WHAT YOU ARE ASKED TO DO →
From the entries provided below, copy each line that contains the word "Ksawerów".

DATA SUPPLIED →
######

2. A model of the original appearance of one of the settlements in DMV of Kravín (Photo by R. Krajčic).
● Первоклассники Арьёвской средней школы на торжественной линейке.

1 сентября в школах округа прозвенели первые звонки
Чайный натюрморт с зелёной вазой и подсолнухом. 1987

######

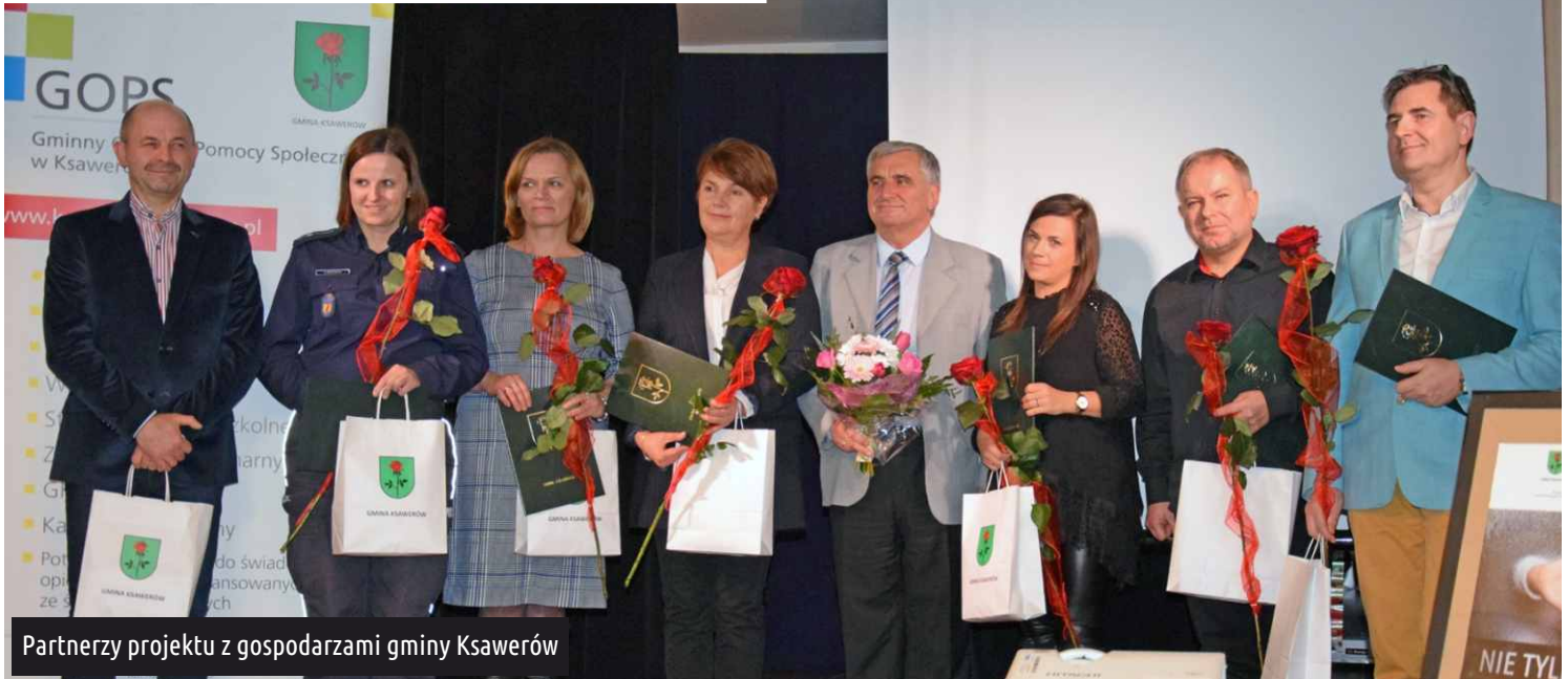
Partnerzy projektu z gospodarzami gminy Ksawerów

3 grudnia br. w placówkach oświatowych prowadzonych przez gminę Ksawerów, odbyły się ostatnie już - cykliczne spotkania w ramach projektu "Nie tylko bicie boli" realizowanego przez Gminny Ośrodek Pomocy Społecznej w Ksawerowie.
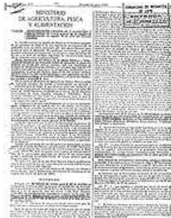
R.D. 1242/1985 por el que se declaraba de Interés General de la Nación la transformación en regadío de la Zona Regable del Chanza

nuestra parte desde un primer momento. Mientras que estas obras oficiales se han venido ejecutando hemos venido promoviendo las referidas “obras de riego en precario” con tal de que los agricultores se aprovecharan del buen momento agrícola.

######

ANSWER SECTION →
Partnerzy projektu z gospodarzami gminy Ksawerów
3 grudnia br. w placówkach oświatowych prowadzonych przez gminę Ksawerów, odbyły się ostatnie już - cykliczne spotkania w ramach projektu "Nie tylko bicie boli" realizowanego przez Gminny Ośrodek Pomocy Społecznej w Ksawerowie.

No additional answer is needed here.